Mémorial Artésien du 26 novembre 1837

Le sieur, CHRETIEN-CORNET professeur de danse, ci-devant Litte rue Haute n°15, demeure maintenant rue du Marché aux Herbes n°61, où il continuera à donner des leçons aux élèves qui lui seront confiés.

Mémorial Artésien du 30 juillet 1840


MASSET François Marie : ° Roquetoire le 22 mars 1810, † Lille le 30 mai 1875, épouse à Saint Omer, Marie Ambroisine QUENIVET le 5 septembre 1838, puis Reine Sophie DEVRIENDT le 3 octobre 1853. Exerce aussi la profession de perruquier.

M. MASSET professeur de danse, rue de Dunkerque, n°172, à St Omer, a l’honneur de prévenir qu’il recommence à donner des leçons en ville et à son domicile.

Mémorial Artésien du 17 novembre 1841


MURAS Louis Didier, dit TOURNEUR : ° Maastricht (NL) le 26 juillet 1801, † après 1870, épouse à South Brent (GB) Elizabeth BILBIE le 24 septembre 1825. Il est le fils de Jean Pierre, tambour maître, et Jeanne Joseph Victoire SIDRAC, professeur de danse, ° Douai le 19 août 1772, † Calais le 24 juillet 1853.

M. L. TOURNEUR professeur de danse à Calais, étant appelé à St Omer pour y donner des leçons, prie les familles et les pensionnats qui désireraient l’employer de s’adresser les mardi et jeudi rue Sainte Catherine, 20, rue de l’Ecritoire 6 ou au bureau du Mémorial.

Mémorial Artésien des 20, 24 mai et 3, 10 juin 1854


VENTOUILLAC Guillaume Marie : ° Lavaur (Tarn) vers 1763, † Saint Omer le 23 août 1811, épouse à Calais, Jeanne Françoise COURQUIN le 4 février 1788.

Le sieur Ventouillac, professeur de danse, ayant exercé cet art pendant 22 ans à Calais, actuellement domicilié à Saint Omer, rue du Brûle n°59, où il a ouvert sa salle, a l’honneur de prévenir ses concitoyens qu’il se transportera chez eux, lorsqu’il voudront bien l’honnorer de leur confiance qu’il espère mériter par son exactitude et sa méthode d’enseigner […]

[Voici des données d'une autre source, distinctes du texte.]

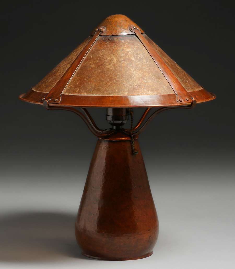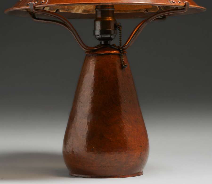 - Dirk van Erp Hammered Copper & Mica Single Socket Lamp c1911-1912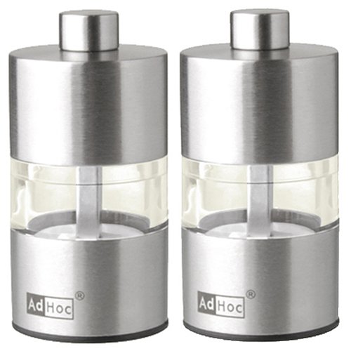 Eine der kleinsten Pfeffer- oder Salzmühlen der Welt in Edelstahl / Acryl per Feineinstellmechanismus.

Feuille de Saint Omer du 27 mars 1811


L'annonce détaille les danses qu'il enseignera, dont celles qui sont de sa composition :




avant son départ, sa maison de Calais est mise en vente :



Feuille de Saint Omer, 12 août 1809

on peut la localiser sur ce cadastre de 1830, peut-être la parcelle n°474 ou 475 ?

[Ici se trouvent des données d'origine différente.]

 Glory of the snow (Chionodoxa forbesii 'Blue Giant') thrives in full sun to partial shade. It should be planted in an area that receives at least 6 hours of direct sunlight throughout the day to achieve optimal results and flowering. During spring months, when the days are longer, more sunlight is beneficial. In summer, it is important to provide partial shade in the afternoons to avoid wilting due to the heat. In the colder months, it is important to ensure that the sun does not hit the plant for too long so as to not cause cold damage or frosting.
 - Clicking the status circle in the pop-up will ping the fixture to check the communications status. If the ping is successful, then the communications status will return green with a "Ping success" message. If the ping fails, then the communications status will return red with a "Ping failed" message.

Calais, le coin de la place d'Armes vers 1930
où se situait la salle de danse Ventouillac


VIGEON Pierre Julien : ° La Lande-Vaumont (Calvados) le 8 avril 1794, † Caen le 30 avril 1868, épouse à Béthune Joséphine PÉRÈS le 12 janvier 1827, il est porteur d'un congé provisoire du 50e régiment d'infanterie de ligne à Arras.

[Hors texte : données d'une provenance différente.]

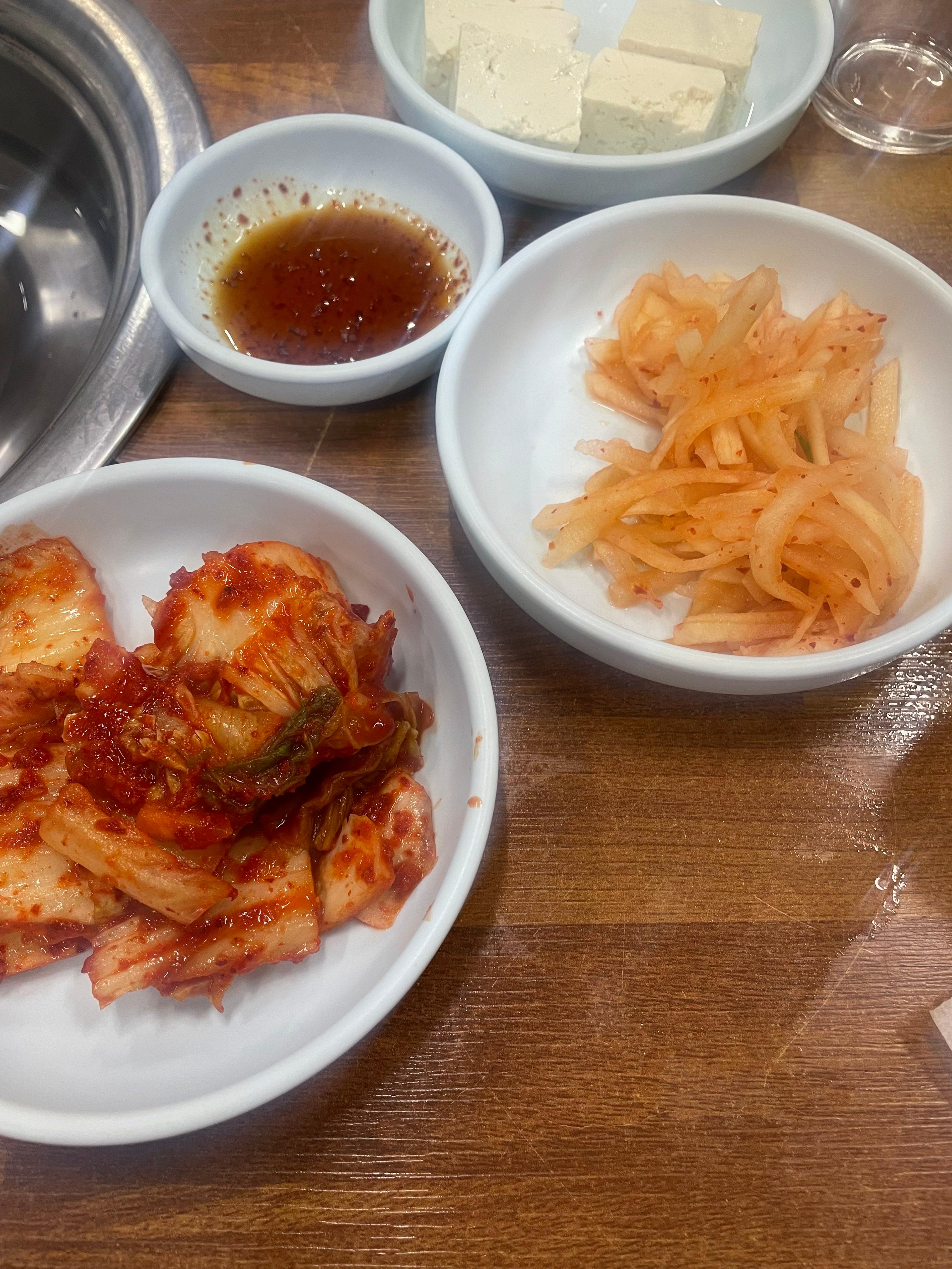 주문하면 불과함께 기본 반찬들 나오고

Mr VIGEON professeur de danse et élève de l’académie, a l’honneur d’informer le public qu’il vient de se fixer en cette ville, où il propose d’enseigner aux personnes qui voudront bien l’honorer de leur confiance, toutes les danses les plus modernes, ainsi que tous les pas qui servent à donner à l’élève le maintien et les grâces toujours nécessaires à ceux qui aiment cet amusement. Sa demeure est rue Lafayette n°14, où est disposée une salle de danse.

Mémorial Artésien du 6 octobre 1831

Le sieur VIGEON, professeur de danse, rue du Mortier, n°27 à St Omer, arrivant de Paris où il a été étudier les danses les plus nouvelles, telles que les chassés et enchaînemens pour la danse de société, les galopes, les mazurk, ainsi que les danses de caractères, continue de donner des leçons chez lui et à domicile.

Mémorial Artésien du 9 septembre 1832

Le sieur VIGEON, professeur de danse, a l’honneur de prévenir qu’il a quitté sa maison, rue du Mortier, pour habiter celle rue des Clouteries n°6, à St Omer ; qu’il continuer à donner des leçons de danse tous les jours depuis six heures du soir jusqu’à neuf, et les lundi, mardi, jeudi et samedi, depuis midi jusqu’à deux heures.

Mémorial Artésien du 20 janvier 1833

Le sieur VIGEON, professeur de danse, a l’honneur de prévenir qu’il a quitté sa maison, rue de l’Arbalète, pour habiter celle du Marché aux Herbes, n°61.

Mémorial Artésien du 2 janvier 1834

Le sieur VIGEON, professeur de danse, a l’honneur d’informer qu’il vient de quitter la maison qu’il occupait Marché aux Herbes, pour habiter celle de madame veuve FUMEY, enclos de la Cathédrale, vis à vis le grand portail, où il continuera à tenir une école de danse, pendant toute l’année.

Mémorial Artésien du 30 octobre 1834

15 avril 1835 : à Dunkerque, délivrance d'un passeport pour l'intérieur, demeure à Saint Omer, porteur d'un passeport délivré à Saint Omer le 18 août 1832, allant à Paris.